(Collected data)
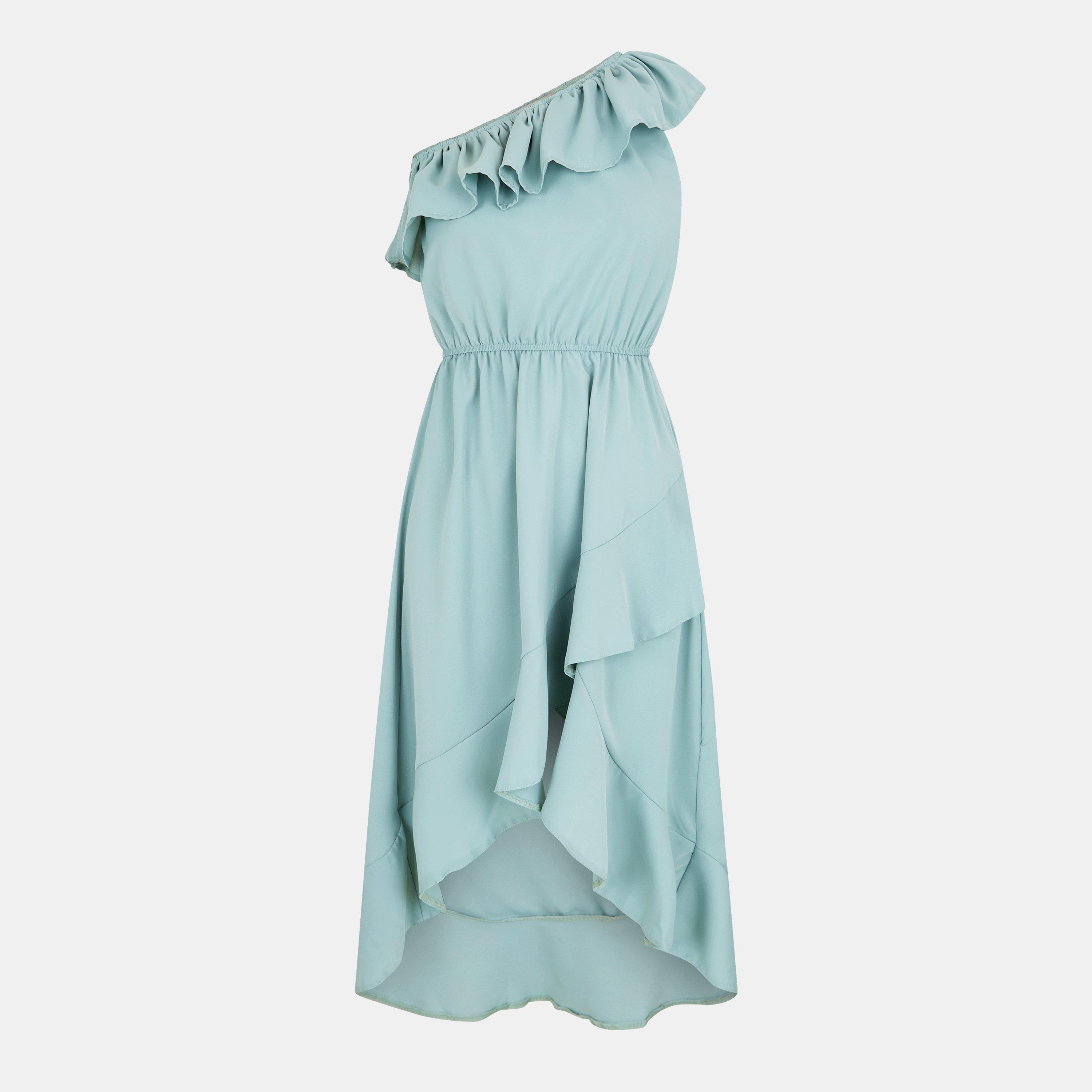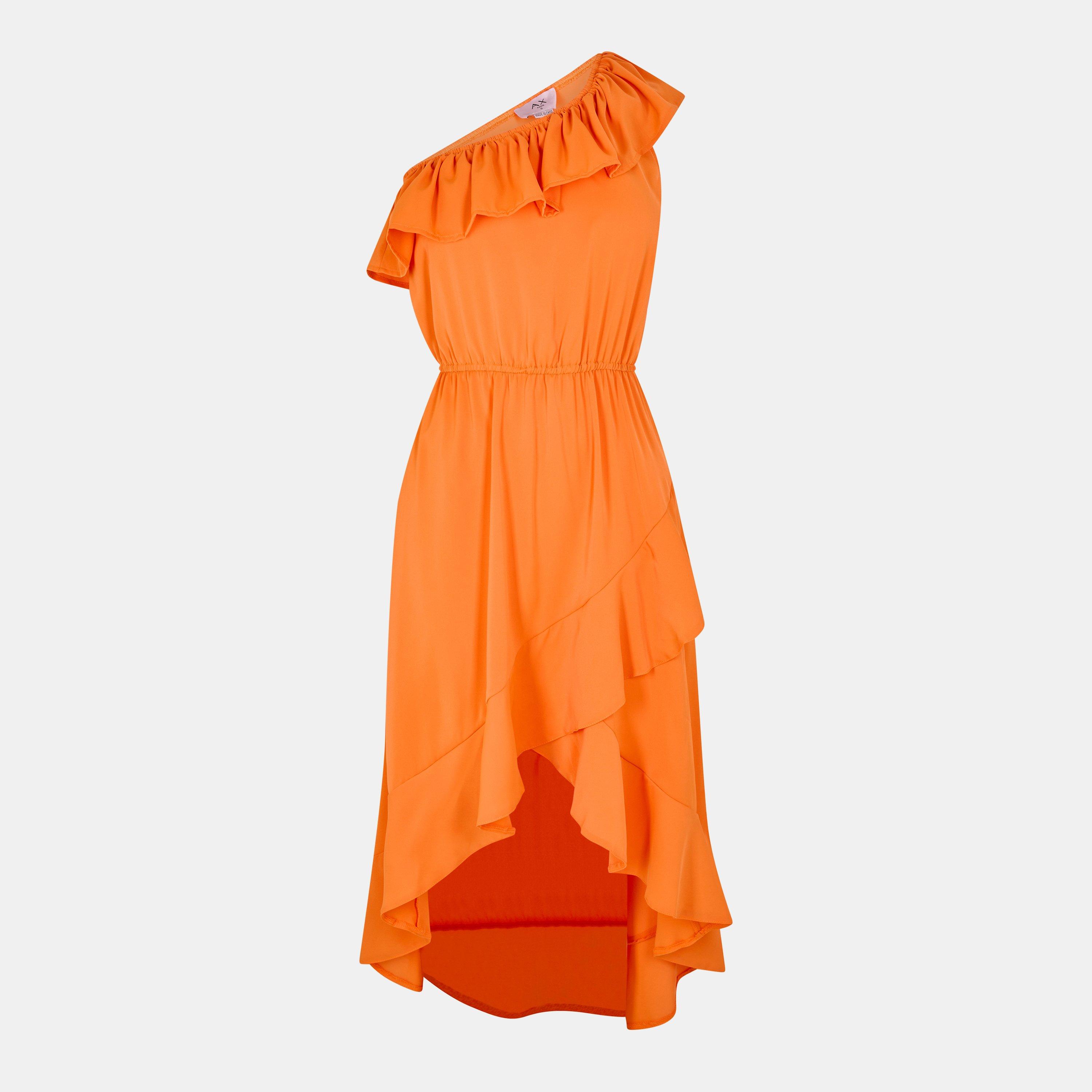 Our One Shoulder Frill Detail Dipped Hem Dress is the perfect evening dress for this season! Its one shoulder frill top, elasticated waist, and high low skirt makes this dress super flattering. Team it with some heels and a clutch the complete the look!
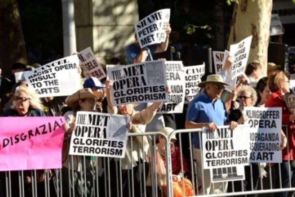 Demonstrators in New York have marked the start of the Metropolitan Opera's season by protesting the planned production of "The Death of Klinghoffer." They gathered outside Lincoln Center Monday carrying signs saying "The Met Opera glorifies terrorism." The protesters say the opera is anti-Semitic. The Met is scheduled to perform the opera between Oct. 20 and Nov. 15. The opera deals with the death of Leon Klinghoffer, a Jewish passenger on the cruise ship Achille Lauro in 1985. The ship was hijacked by Palestinian terrorists, who shot the wheelchair-bound Klinghoffer and threw him over board. The opera's critics say it justifies the killers' actions and is prejudiced against Jews. Supporters defend it on grounds of artistic freedom and claim it presents a thoughtful take on all sides.
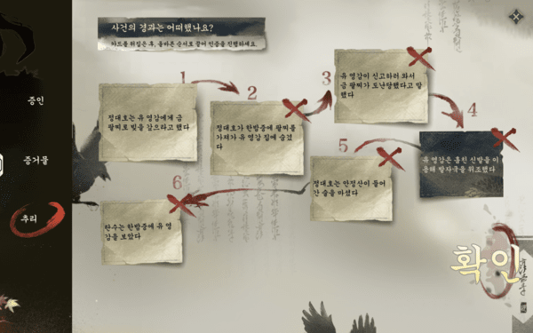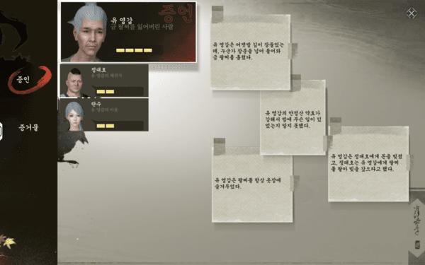 이런 과정에서 만나는 퀘스트의 방대함 덕분에 자연스럽게 세계관이나 인물에 집중하게 된다. 예를 들어 사건을 조사하고 단서를 모아 해결하는 ‘추리형 퀘스트’는 캐릭터를 움직여 단서와 증거를 수집하고 모은 증거로 사건을 배열하는 일종의 탐정 미션 같은 느낌을 제공한다.
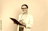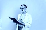 Elegant successful confident lovely brazilian or hispanic business woman, real estate agent, financial manager, in formal wear, stand on isolated background, holds documents, looks at camera, smiles
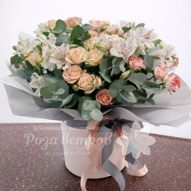 Нежный букет в пастельных тонах, состоящий из розовых и белых роз, альстромерий и эвкалипта, станет прекрасным подарком для самых дорогих людей. Букет оформлен в белую круглую коробку и украшен бантом из серой и персиковой ленты.
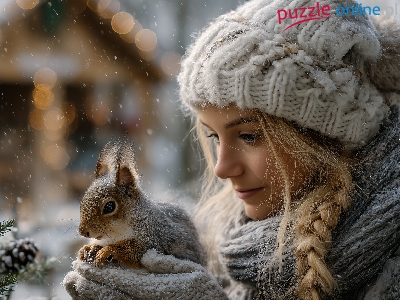 Wiewiórka, Warkocz, Kobieta, Czapka, Grafika AI, Szal
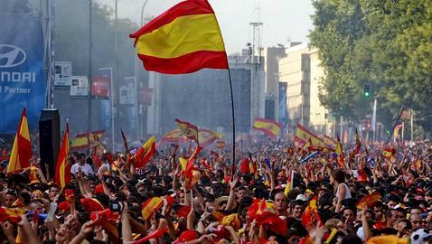 Un ciudadano comentaba ayer, acompañando a la Roja en los fastos por todo Madrid, que si Zapatero comienza el próximo Debate sobre el Estado de la Nación -que se celebra mañana y pasado en el Congreso- con un «España va bien... al menos en el fútbol» dejaría de escuchar el debate. Esta frase, que forma parte del anecdotario de una jornada repleta de alegría en las calles de Madrid, da mucho más que pensar. ¿Ha contribuido la victoria de España en el Mundial de fútbol de Sudáfrica a rehabilitar la marca de la nación fuera y dentro de nuestras fronteras? ¿Un triunfo así tapona o esfuma en la psicología colectiva de la ciudadanía el pesimismo reinante por el estado actual de la economía?
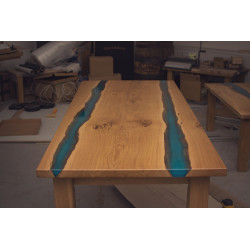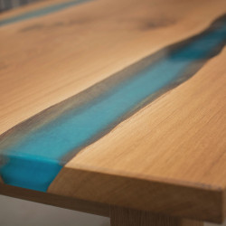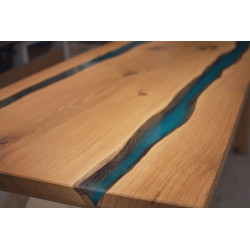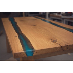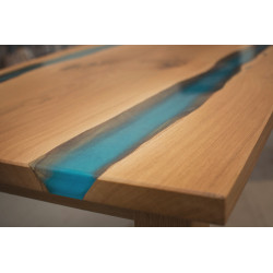 Tento dubový jídelní stůl spojuje přírodní masivní dřevo a moderní design. Deska stolu je vyrobena z kvalitního dubového dřeva, které zachovává krásnou kresbu, a doplněna bleděmodrým epoxidem, který připomíná klidnou řeku. Díky tomuto detailu stůl nejen působí zajímavě, ale zároveň přináší jedinečný prvek do každého interiéru.
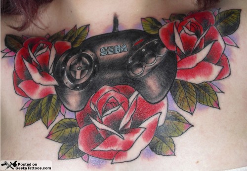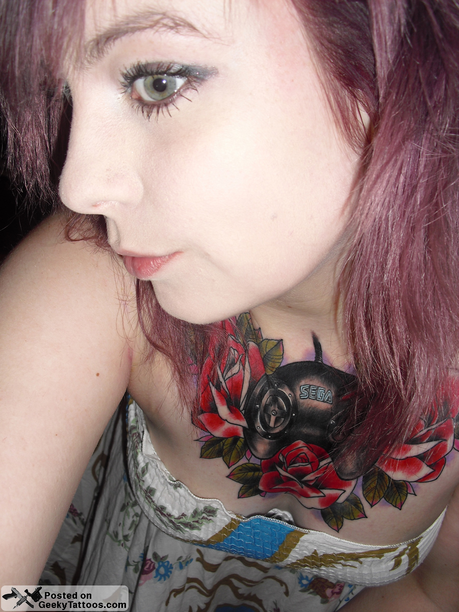 I had this chest piece done because I am a huge gamer, I was literally bought up on games. I remember days when the whole family would pull a sick day to complete a game together, was a good child hood. The console that I first played, when I was just three years old, and was a big part of my child hood was the Sega Mega Drive, which is why I decided to have the controller as the central piece for my chest tattoo. This console is my roots and has a lot of meaning to me and a lot of good memories that I would not change for anything. I am also a massive Sega fan, I was definitely a Sonic girl, I was absolutely addicted to it and to be honest I still am, I still have my old Mega Drive and break it out every now and again to have a Sonic day. I guess that is the main reason I got it done really, because the Mega Drive will always hold a place in my heart and led me into my career as it now stands as a games tester :)

Required action ▸ Reproduce the data above exactly, but only the lines from the one showing "이런 과정에서 만나는" through the one showing "Un ciudadano comentaba", with both ends kept and the pictures left out.

Solution for this problem ▸
 이런 과정에서 만나는 퀘스트의 방대함 덕분에 자연스럽게 세계관이나 인물에 집중하게 된다. 예를 들어 사건을 조사하고 단서를 모아 해결하는 ‘추리형 퀘스트’는 캐릭터를 움직여 단서와 증거를 수집하고 모은 증거로 사건을 배열하는 일종의 탐정 미션 같은 느낌을 제공한다.
 Elegant successful confident lovely brazilian or hispanic business woman, real estate agent, financial manager, in formal wear, stand on isolated background, holds documents, looks at camera, smiles
 Нежный букет в пастельных тонах, состоящий из розовых и белых роз, альстромерий и эвкалипта, станет прекрасным подарком для самых дорогих людей. Букет оформлен в белую круглую коробку и украшен бантом из серой и персиковой ленты.
 Wiewiórka, Warkocz, Kobieta, Czapka, Grafika AI, Szal
 Un ciudadano comentaba ayer, acompañando a la Roja en los fastos por todo Madrid, que si Zapatero comienza el próximo Debate sobre el Estado de la Nación -que se celebra mañana y pasado en el Congreso- con un «España va bien... al menos en el fútbol» dejaría de escuchar el debate. Esta frase, que forma parte del anecdotario de una jornada repleta de alegría en las calles de Madrid, da mucho más que pensar. ¿Ha contribuido la victoria de España en el Mundial de fútbol de Sudáfrica a rehabilitar la marca de la nación fuera y dentro de nuestras fronteras? ¿Un triunfo así tapona o esfuma en la psicología colectiva de la ciudadanía el pesimismo reinante por el estado actual de la economía?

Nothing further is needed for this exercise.